ファッションにおけるコラボレーションが本来の形で行われていた時代は過去のこと。今日においては、誰に求められたわけでもない話題性を狙ったコラボががむしゃらに進められることでお互いを打ち消し合い、不合理の大海で溺れてしまっていることが少なくない。

しかしその昔、今のようにコラボレーションが一般的になる前は、ブランドが新しいオーディエンスに手を伸ばし、クリエイティブの幅を広げ、どちらも単独では成し得なかったであろう、興奮と意外性に満ちた、互いの新境地を切り拓くような冒険だった。

ポール・スミス(Paul Smith)も自身のブランドにおける一つのツールとしてコラボレーションを取り入れた先駆者の一人だった。「Supreme(シュプリーム)」と「The North Face(ザ・ノース・フェイス)」のコラボレーションが実現する10年前に「Mini(ミニ)」と手を組み、Paul Smithのシャツのカラーパレットから選んだロイヤルブルーの繊細な色調で、そのアイコニックな自動車に新たな表情を与えた。それ以降も「Caran d’Ache(カランダッシュ)」のペンから「HP」ソース「Leica(ライカ)」のカメラに至るまで、業界でも類を見ないほどにバラエティ豊かなコラボレーションを多数手掛けてきた。

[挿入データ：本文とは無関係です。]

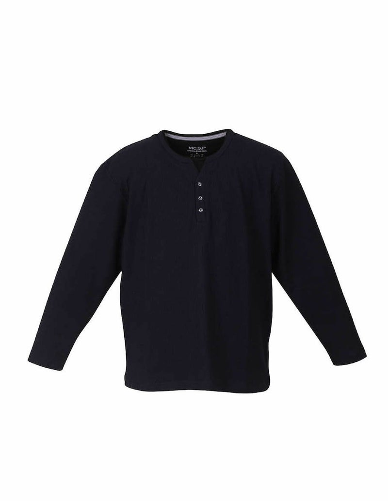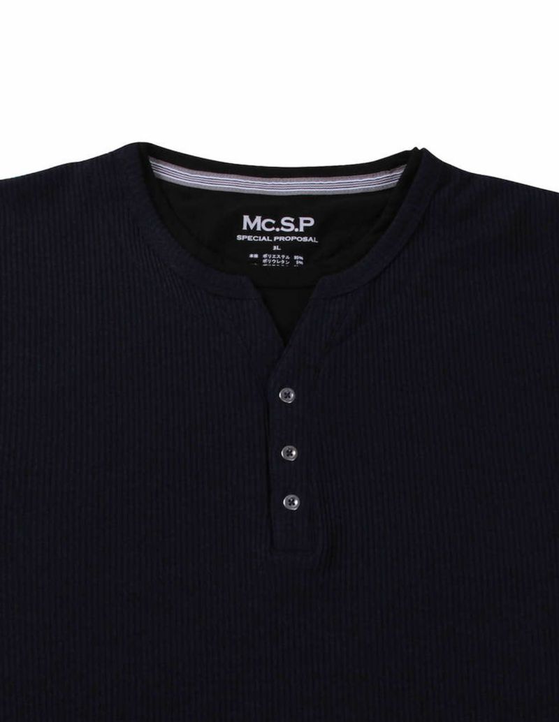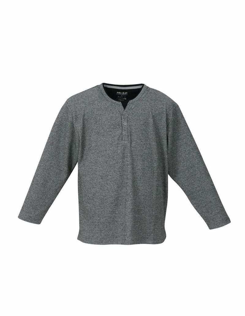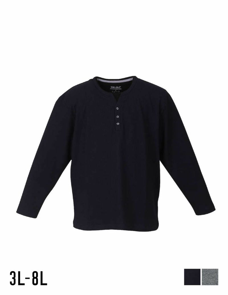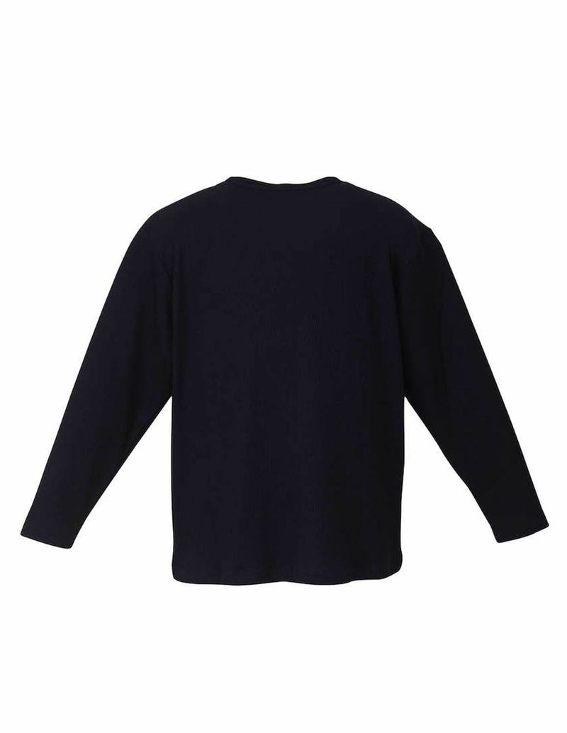パッと見ヘンリーネックに見えるようアレンジされた、裏起毛フェイクレイヤードYヘンリー長袖Tシャツが登場。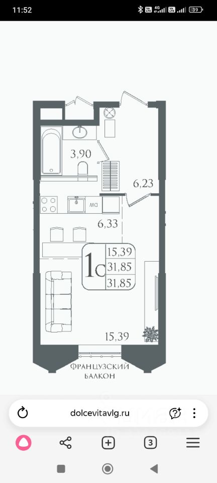 Продается просторная однокомнатная квартира в элитном жилом комплексе "DOLCE VITA" в монолитно-кирпичном доме по цене застройщика. Сдача дома в декабре 2025г. Возможна рассрочка платежа на 6 месяцев. Проект ЖК предусматривает: современную школу на 1000 мест, свою котельную, закрытую территорию, фонтан, магазины, развивающие территории, а также площадки для выгула животных и мойку для лап.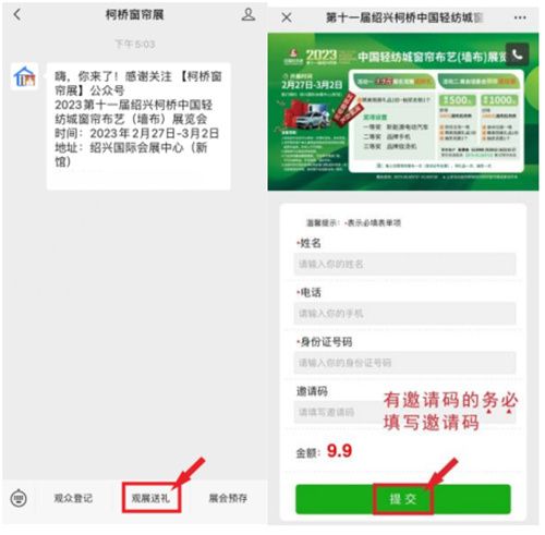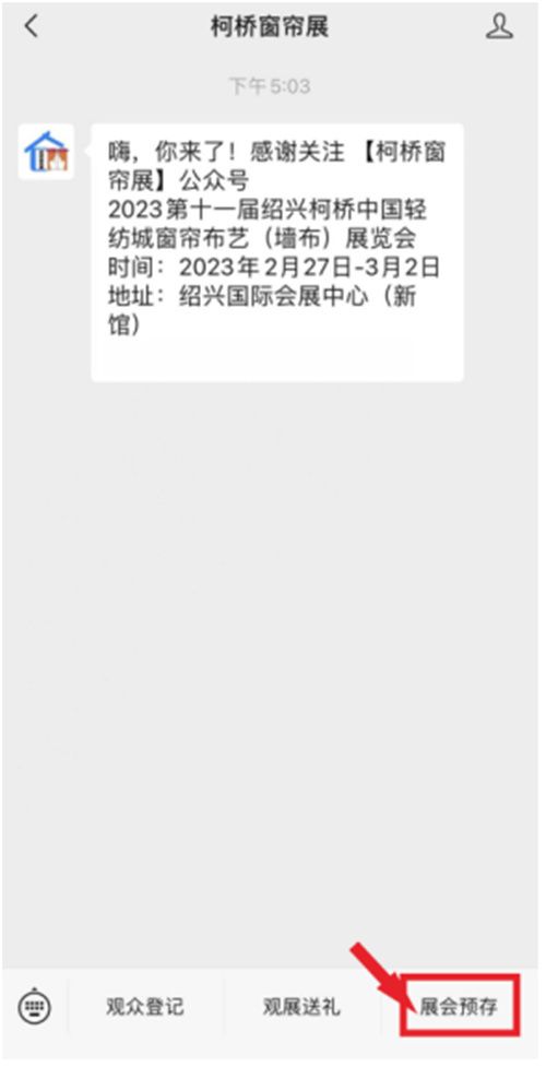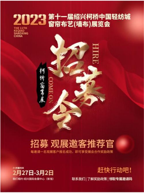 1、微信搜索“柯橋窗簾展”公眾號,進入公眾號首頁 2、點擊下方“展會預(yù)存” 展會活動三: 展會邀客推薦官 邀請周邊小伙伴共同參與 做觀展邀客推薦官 關(guān)注“柯橋窗簾展”公眾號了解詳情

自分の好きな企業のみと提携するというのが、ポール・スミスが常に守っているルールの一つだ。「コラボレーションは自分が強く興味を持っているところだけとする。お金のためのコラボレーションはしたことがないんだ」と50周年記念取材で彼は答えた。「だからピナレロの自転車のデザインをするのも、昔サイクリストだった血が騒ぐから。あの工場に行って自転車で遊べるなんてすごい、と思うから。単純にそういう理由なんだ」

好奇心を常に絶やさず、あらゆるデザインやアートに少年のように目を輝かせるスミスのことだから、これだけ幅広い分野の企業とこれまで手を組んできたのも頷ける。そこでPaul Smithの50周年を祝して、小誌独自のPaul Smithの(現時点での)コラボレーション傑作選をまとめてみた。

 

Mini(1998年)

© PAUL SMITH

 

ローバー・ミニとPaul Smithのコラボレーションは遥か昔に遡る。英国の強力なブランド同士が最初にタッグを組んだのは1997年のことだった。東京モーターショーに向けてアイコニックな Mini を24色、84本のストライプでリデザイン。さらに追って発表された単色の Mini は販売もされた。その限定モデルはPaul Smithのシャツのカラーリングから取ったディープブルー。正確に同じ色になるよう、スミスは実際のシャツを四角く切り取ったものを使って色合わせをしたようだ。インテリアはPaul Smithのスーツの色鮮やかな裏地を思わせる明るいライムグリーンで仕上げている。その後2社は再び手を取り合い、“Hello, My Name is Paul Smith” と題したスミスの巡回展のために、1台限りのアーティストストライプバージョンのMiniも制作した。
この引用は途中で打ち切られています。